ELIAS PINO ITURRIETA
La existencia de una hermandad venezolano-colombiana se ha divulgado hasta la fatiga, pero no tiene asidero en la realidad. Estamos ante dos sociedades que han hecho su historia de manera diversa desde tiempos coloniales. Los límites establecidos por la monarquía obligaron al desarrollo de vidas distintas, y en ocasiones contrapuestas, que se juntaron fugazmente durante las guerras de Independencia para volver después cada una a soldar el particular rompecabezas a su manera. La vecindad impuesta por la geografía, pero también la retórica de los políticos que prefieren la fantasía de la fraternidad al río revuelto de dos sensibilidades que no congenian sino a ratos, han insistido en la imagen de unos hombres buenos y sensatos de aquí y de allá que solo procuran la colaboración recíproca. Pero se trata de mundos distintos que están dispuestos, cuando la ocasión lo permite, a mostrar los rasgos firmes de su peculiaridad.

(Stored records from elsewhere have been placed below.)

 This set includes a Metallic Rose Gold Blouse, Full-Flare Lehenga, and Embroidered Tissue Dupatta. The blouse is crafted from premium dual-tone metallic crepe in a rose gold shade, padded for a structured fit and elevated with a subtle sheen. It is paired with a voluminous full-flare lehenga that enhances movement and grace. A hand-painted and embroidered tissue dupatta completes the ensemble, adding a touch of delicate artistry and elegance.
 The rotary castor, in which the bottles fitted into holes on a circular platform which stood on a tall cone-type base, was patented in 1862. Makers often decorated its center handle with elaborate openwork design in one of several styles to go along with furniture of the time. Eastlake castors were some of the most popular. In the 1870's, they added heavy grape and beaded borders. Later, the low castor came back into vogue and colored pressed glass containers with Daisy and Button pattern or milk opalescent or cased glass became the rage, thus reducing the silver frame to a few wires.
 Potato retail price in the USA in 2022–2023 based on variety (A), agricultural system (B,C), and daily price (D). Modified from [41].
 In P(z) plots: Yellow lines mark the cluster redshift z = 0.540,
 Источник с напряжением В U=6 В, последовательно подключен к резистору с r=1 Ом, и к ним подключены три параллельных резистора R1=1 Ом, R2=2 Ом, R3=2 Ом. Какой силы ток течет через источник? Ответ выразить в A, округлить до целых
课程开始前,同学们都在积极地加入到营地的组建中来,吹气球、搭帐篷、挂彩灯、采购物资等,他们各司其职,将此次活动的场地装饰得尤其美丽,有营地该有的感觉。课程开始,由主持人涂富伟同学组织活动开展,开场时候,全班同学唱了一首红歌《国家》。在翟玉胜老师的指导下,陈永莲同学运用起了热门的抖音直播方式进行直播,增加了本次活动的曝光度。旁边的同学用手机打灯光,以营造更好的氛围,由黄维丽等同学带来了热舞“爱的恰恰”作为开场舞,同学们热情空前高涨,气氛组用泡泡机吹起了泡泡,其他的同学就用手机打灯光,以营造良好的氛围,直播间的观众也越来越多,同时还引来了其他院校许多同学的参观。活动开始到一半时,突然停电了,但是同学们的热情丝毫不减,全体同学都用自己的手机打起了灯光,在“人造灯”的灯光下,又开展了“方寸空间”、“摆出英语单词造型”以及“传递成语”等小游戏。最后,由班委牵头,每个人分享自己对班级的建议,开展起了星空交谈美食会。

Mientras no se acepte y respete esta disparidad de sensibilidades, no se entenderá la relación de las dos repúblicas, ni se aplicarán las mañas adecuadas para hacer que funcione el vínculo dentro de una auspiciosa normalidad. Las diferencias se han disfrazado en los discursos de la solidaridad recíproca que cada cierto tiempo pronuncian los presidentes de turno, para que se corra una vieja arruga que no es susceptible de cirugía estética y que se impone sobre el maquillaje. Quizá las reláficas de Chávez sobre la sociedad colombiana sirvan para ilustrar el punto. Así solo nos metemos con los lunares de nuestra latitud, sin detenernos en el rostro del otro.

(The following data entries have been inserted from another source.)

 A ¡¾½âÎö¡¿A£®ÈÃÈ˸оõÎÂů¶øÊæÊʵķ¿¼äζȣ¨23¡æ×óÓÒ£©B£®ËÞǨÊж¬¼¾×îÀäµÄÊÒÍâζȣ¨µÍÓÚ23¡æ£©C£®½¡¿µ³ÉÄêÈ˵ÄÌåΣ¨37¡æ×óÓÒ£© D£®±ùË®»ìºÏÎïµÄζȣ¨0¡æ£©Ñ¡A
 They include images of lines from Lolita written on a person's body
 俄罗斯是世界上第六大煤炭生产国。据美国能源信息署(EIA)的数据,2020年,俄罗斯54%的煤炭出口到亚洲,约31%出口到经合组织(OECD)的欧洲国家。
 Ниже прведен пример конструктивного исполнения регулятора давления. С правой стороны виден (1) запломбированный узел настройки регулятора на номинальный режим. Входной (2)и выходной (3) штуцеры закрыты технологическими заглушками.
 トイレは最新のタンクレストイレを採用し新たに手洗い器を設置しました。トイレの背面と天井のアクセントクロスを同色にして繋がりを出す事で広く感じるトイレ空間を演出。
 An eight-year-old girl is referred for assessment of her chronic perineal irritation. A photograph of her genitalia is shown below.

Chávez no ahorró saliva en la divulgación del profundo afecto que sentíamos, él en la vanguardia y más atrás el resto de sus gobernados, por Colombia y por sus habitantes. Daban gusto sus vocablos inflados de amor y aun de veneración, sus frases de cariño integracionista, no en balde continuaban una florida tradición de requiebros estériles. Apenas le faltó cantar bambucos en cadena nacional. Pero, a la vez, no perdía la oportunidad de despotricar contra el general Santander. Barría el suelo con el héroe de los colombianos, hasta el extremo de mentir sobre sus macabras intenciones para liquidar a un bienaventurado Bolívar a quien su “revolución” representaba y en cuyo nombre se permitía la licencia de insultar a un esforzado y fundamental patriota por cuyas ejecutorias se levantan estatuas y se sueltan loas en la otra ribera del Arauca vibrador. Tal vez no estemos solo ante una ambivalencia personal, sino también ante abismos y sentimientos disfrazados a conveniencia por buena parte de nuestra sociedad. Allá también se bate el cobre de la misma manera, para considerarnos de forma tendenciosa y altiva, pero ahora nos conformamos con mirar en nuestro espejo tras el simple afán de intentar la comprensión de un problema que está pasando de castaño a oscuro.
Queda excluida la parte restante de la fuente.